Ejemplo: En un debate de 2008, el periodista de la cadena ABC Charles Gibson preguntaba a Barack Obama por el motivo de querer subir los impuestos a los beneficios, teniendo en cuenta que unos tipos impositivos más elevados conducen de forma característica a una recaudación pública inferior. «Bueno, Charlie», respondía Obama, «lo que digo es que examinaría la posibilidad de subir los tipos impositivos a los beneficios de la inversión a efectos de justicia». Para Obama, subir los impuestos a las rentas altas era un imperativo moral («justicia»); las estadísticas de la recaudación fiscal ocupan un segundo plano.
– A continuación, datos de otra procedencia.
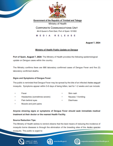 Port of Spain, August 7, 2024The Ministry of Health provides the following epidemiological update on Dengue cases within the country.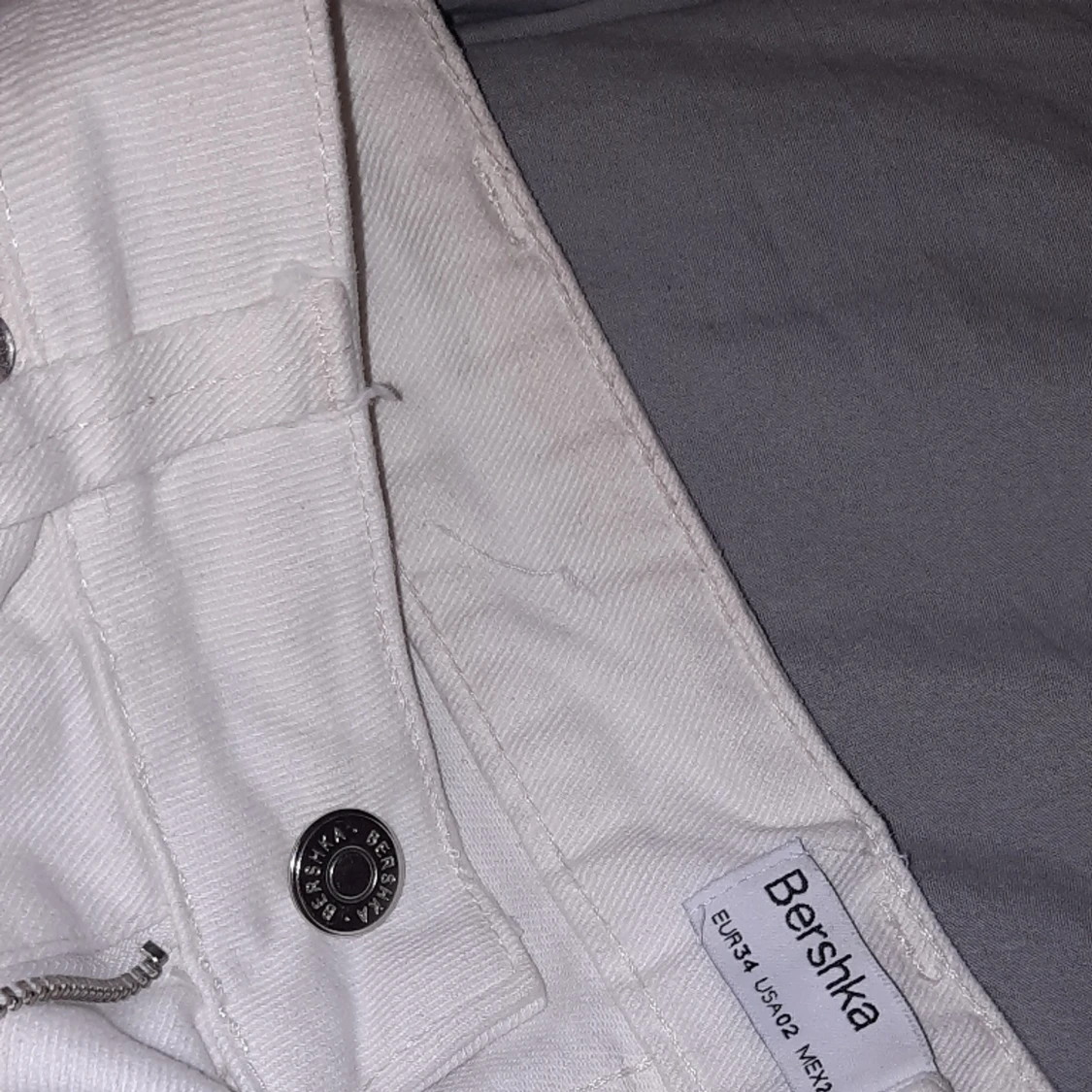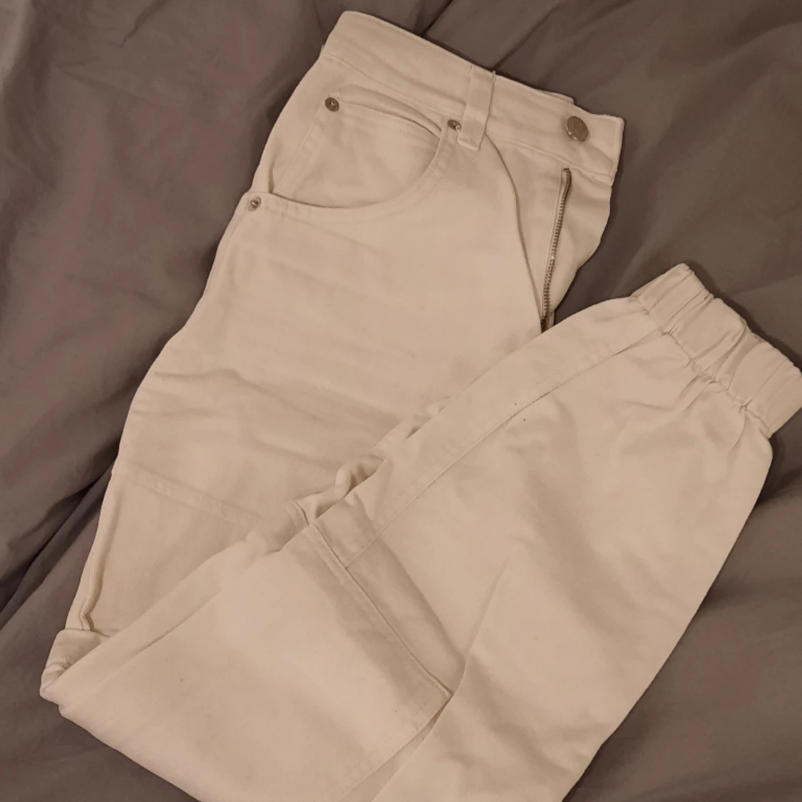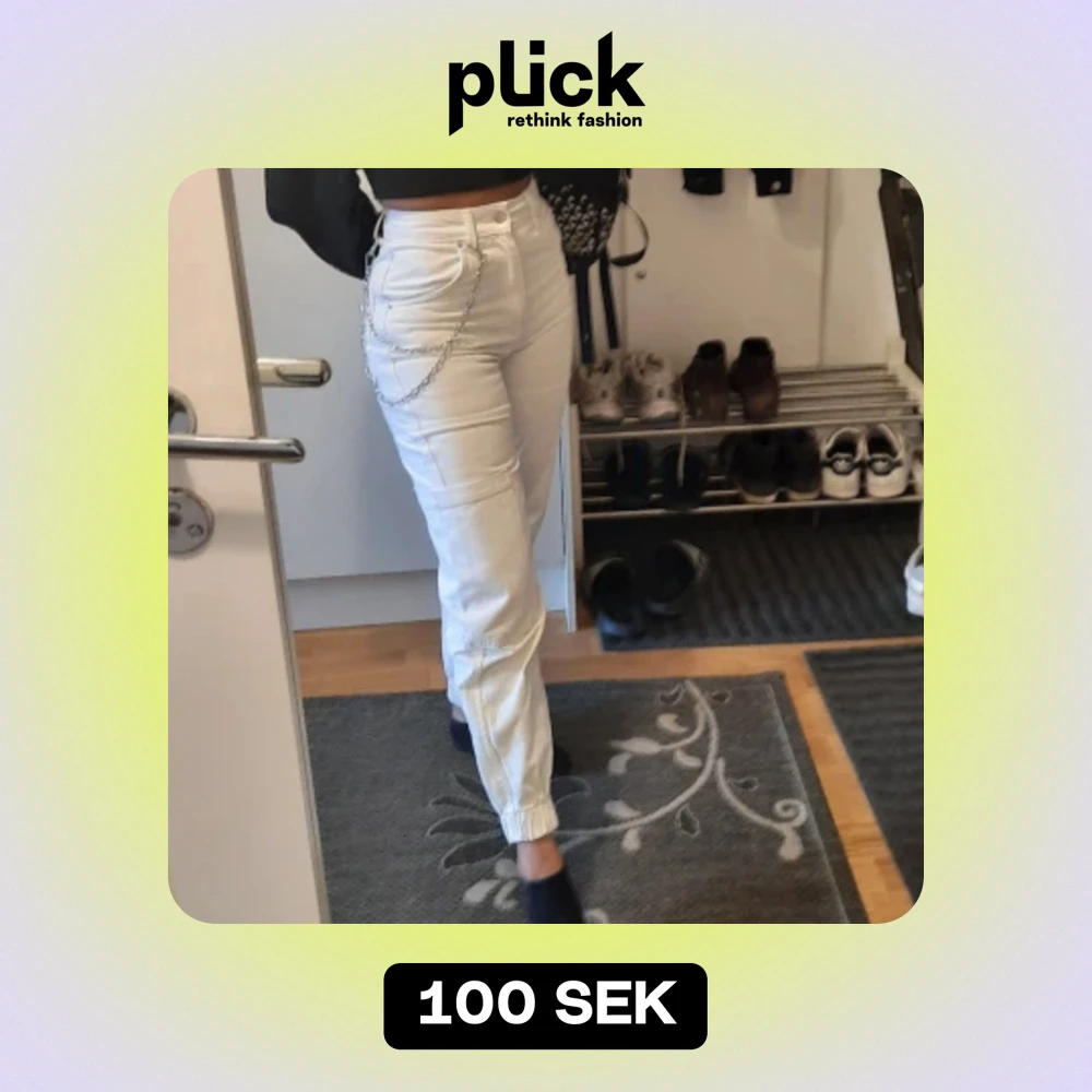 Vita cargobyxor i jeansmaterial. Lite smutsig på insidan vid lappen (bild 3) men går att gnugga bort med medel om man vill. OBS kedjan tillhör EJ. Jag är 155cm.

Otro ejemplo: partidarios y detractores de la pena de muerte se pelean a menudo en torno al efecto disuasor de ejecutar a los asesinos. Pero incluso si la cuestión de la disuasión pudiera zanjarse de forma definitiva, los partidarios de las dos partes convienen en que el debate en torno a la pena capital se prolongaría, igual de apasionado y crispado que siempre.
Los datos científicos y las investigaciones cuentan, por supuesto. Pero cuando las opiniones a tenor de amargas polémicas públicas cambian, en general lo hacen en respuesta a circunstancias personales o al atractivo emotivo o a presiones sociales. Las opiniones académicas homologadas, por impresionantes que sean, pocas veces tienen la fuerza necesaria para hacernos cambiar de opinión.